IMD is endemic in Canada and the majority of cases are caused by serogroup B (MnB) (National Advisory Committee on Immunization 2014; Li et al. 2014), including the recent outbreak in Nova Scotia, as well as the prolonged increased incidence in the province of Quebec (De Wals et al. 2017; Langley et al. 2016; Nova Scotia Department of Health and Wellness 2015). Serogroup B meningococcus was responsible for 63% of all IMD cases in Canada between 2011 and 2015 (Public Health Agency of Canada 2017). In October 2017, Health Canada approved the MenB-FHbp vaccine (Trumenba®, Pfizer) for use in individuals aged 10 through 25 years (Pfizer Canada Inc. 2018). Before then, the multicomponent MnB (4CMenB) vaccine (Bexsero®, Novartis), approved in December 2013, was the only MnB vaccine available in Canada (GlaxoSmithKline Inc. 2018).

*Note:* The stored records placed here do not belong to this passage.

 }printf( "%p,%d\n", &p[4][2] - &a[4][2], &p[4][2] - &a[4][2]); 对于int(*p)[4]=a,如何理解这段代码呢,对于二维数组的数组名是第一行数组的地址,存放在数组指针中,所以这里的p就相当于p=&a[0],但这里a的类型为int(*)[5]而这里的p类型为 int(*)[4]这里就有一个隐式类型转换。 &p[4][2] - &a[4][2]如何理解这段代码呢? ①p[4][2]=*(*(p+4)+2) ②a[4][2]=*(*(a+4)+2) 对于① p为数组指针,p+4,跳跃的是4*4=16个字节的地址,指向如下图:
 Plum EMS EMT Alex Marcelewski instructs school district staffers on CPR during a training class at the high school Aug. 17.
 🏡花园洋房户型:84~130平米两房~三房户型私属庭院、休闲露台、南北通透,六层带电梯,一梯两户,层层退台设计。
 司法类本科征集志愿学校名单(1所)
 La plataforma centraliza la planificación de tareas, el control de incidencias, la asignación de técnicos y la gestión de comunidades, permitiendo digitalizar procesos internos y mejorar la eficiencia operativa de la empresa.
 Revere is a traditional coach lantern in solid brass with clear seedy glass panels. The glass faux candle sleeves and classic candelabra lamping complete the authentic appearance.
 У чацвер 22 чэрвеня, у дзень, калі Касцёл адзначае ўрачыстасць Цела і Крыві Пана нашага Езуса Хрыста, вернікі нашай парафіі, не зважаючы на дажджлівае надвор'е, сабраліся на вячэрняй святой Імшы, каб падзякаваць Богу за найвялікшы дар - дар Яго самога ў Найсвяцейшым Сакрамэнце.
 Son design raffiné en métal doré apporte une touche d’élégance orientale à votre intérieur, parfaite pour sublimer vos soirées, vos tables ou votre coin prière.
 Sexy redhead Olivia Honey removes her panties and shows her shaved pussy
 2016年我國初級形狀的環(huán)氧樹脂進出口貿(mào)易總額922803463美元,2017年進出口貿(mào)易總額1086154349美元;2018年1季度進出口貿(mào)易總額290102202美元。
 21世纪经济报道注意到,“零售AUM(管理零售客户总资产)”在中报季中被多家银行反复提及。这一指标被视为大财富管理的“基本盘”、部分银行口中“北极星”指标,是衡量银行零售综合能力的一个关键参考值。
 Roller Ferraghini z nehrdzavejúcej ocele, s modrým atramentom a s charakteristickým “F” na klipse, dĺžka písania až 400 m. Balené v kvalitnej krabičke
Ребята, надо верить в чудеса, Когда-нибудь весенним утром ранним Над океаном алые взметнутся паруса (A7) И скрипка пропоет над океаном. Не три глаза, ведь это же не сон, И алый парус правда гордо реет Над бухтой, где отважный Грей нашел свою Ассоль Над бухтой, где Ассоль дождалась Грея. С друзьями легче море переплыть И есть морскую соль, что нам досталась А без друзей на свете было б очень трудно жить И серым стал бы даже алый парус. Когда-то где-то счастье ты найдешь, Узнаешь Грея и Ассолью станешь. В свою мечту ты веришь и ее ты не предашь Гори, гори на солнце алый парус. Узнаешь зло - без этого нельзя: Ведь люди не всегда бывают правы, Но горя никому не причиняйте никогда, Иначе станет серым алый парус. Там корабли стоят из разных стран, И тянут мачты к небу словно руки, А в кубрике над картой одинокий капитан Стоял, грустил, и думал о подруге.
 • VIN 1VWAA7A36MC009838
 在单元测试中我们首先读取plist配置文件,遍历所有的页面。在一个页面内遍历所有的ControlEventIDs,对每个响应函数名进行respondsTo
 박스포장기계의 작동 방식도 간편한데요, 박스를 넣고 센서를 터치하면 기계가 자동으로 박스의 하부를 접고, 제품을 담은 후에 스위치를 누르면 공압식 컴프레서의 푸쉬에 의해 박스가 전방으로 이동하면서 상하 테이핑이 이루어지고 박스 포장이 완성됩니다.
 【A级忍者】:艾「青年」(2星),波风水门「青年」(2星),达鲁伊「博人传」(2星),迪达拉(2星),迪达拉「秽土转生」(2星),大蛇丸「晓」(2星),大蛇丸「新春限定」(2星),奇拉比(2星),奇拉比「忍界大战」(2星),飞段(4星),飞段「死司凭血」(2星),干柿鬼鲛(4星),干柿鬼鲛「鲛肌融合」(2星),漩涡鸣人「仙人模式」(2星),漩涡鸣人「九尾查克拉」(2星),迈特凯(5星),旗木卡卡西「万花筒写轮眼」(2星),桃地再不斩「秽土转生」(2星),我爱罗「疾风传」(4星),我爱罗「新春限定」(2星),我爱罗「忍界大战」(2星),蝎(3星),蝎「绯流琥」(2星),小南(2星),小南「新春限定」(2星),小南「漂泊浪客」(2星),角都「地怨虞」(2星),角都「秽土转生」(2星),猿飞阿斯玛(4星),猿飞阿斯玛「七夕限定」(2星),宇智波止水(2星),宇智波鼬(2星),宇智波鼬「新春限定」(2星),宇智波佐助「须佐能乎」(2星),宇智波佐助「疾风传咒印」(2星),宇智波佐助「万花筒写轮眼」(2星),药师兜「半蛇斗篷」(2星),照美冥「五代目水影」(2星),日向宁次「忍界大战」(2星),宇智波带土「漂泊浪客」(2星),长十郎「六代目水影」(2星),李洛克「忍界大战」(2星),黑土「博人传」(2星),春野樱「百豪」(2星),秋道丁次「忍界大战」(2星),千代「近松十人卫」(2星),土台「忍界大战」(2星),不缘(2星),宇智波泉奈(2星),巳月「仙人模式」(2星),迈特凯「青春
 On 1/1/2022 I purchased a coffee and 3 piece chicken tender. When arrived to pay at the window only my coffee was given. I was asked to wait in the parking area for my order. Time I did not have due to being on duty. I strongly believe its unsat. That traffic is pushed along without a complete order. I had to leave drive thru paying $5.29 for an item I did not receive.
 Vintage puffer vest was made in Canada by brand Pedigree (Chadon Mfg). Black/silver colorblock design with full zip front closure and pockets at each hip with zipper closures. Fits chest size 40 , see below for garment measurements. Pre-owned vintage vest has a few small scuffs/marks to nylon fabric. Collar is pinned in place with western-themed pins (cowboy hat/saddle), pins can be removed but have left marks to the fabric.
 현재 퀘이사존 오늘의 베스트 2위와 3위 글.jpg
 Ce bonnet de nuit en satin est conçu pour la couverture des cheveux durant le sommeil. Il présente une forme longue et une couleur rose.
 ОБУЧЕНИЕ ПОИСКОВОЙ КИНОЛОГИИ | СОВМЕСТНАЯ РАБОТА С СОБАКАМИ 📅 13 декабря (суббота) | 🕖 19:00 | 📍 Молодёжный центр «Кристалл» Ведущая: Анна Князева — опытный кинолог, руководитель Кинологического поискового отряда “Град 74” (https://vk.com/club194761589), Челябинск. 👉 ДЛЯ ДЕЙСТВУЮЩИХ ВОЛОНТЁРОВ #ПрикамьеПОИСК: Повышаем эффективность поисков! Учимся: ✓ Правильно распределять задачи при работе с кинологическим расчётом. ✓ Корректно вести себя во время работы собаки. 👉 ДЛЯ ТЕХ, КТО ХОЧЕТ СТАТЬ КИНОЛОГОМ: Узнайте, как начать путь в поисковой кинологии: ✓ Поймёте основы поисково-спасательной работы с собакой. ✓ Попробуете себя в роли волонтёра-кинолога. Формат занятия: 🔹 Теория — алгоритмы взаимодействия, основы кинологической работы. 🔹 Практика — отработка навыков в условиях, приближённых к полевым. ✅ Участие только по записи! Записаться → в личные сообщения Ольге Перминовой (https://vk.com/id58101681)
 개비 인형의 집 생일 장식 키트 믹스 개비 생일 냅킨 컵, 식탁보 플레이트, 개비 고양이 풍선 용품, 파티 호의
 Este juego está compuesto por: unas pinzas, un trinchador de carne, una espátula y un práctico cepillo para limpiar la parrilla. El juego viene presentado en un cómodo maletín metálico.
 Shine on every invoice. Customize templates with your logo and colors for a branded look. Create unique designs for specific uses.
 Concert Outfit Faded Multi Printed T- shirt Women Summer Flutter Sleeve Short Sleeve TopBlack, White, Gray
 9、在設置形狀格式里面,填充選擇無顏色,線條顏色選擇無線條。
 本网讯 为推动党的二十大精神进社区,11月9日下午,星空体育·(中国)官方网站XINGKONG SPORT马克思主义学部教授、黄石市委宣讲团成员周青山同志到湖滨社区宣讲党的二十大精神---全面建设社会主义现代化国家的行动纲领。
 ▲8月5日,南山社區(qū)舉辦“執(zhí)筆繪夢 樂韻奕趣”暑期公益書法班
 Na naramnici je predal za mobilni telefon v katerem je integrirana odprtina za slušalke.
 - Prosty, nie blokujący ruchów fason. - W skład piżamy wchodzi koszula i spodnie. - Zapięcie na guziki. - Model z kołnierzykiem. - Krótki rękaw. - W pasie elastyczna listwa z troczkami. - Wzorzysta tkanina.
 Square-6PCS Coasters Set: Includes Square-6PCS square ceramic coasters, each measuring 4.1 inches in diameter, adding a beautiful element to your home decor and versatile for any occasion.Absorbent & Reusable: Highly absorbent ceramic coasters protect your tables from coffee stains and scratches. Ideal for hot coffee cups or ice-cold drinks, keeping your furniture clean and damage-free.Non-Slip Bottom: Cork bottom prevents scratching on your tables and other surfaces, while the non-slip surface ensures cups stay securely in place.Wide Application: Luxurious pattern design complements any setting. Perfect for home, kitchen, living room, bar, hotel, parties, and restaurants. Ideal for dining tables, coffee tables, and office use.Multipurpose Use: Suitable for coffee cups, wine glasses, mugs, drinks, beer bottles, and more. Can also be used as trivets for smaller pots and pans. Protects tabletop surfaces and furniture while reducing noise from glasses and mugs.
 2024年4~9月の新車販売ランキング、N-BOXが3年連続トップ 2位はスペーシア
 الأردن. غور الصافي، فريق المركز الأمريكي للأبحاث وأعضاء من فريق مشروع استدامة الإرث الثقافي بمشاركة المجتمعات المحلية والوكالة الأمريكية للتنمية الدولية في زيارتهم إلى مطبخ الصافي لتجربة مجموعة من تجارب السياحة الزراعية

To prevent IMD caused by serogroups A, C, Y, and W-135, infant and adolescent routine immunization programs are in place across Canada (Public Health Agency of Canada 2018). For protection against IMD caused by serogroup B, the National Advisory Committee on Immunization (NACI) recommendsFootnote 1 4CMenB vaccination for individuals at high risk of meningococcal disease and those who have had a close contact with a case, as well as to control outbreaks (National Advisory Committee on Immunization 2014). MnB vaccination is not currently included in Canada’s routine vaccination schedule but several provinces publicly fund the vaccine for recommended individuals at high risk of meningococcal disease. Adolescents and young adults are at highest risk of N. meningitidis carriage and transmission (Kaaijk et al. 2014), so routine MnB vaccination in this population could help reduce the burden of IMD in Canada.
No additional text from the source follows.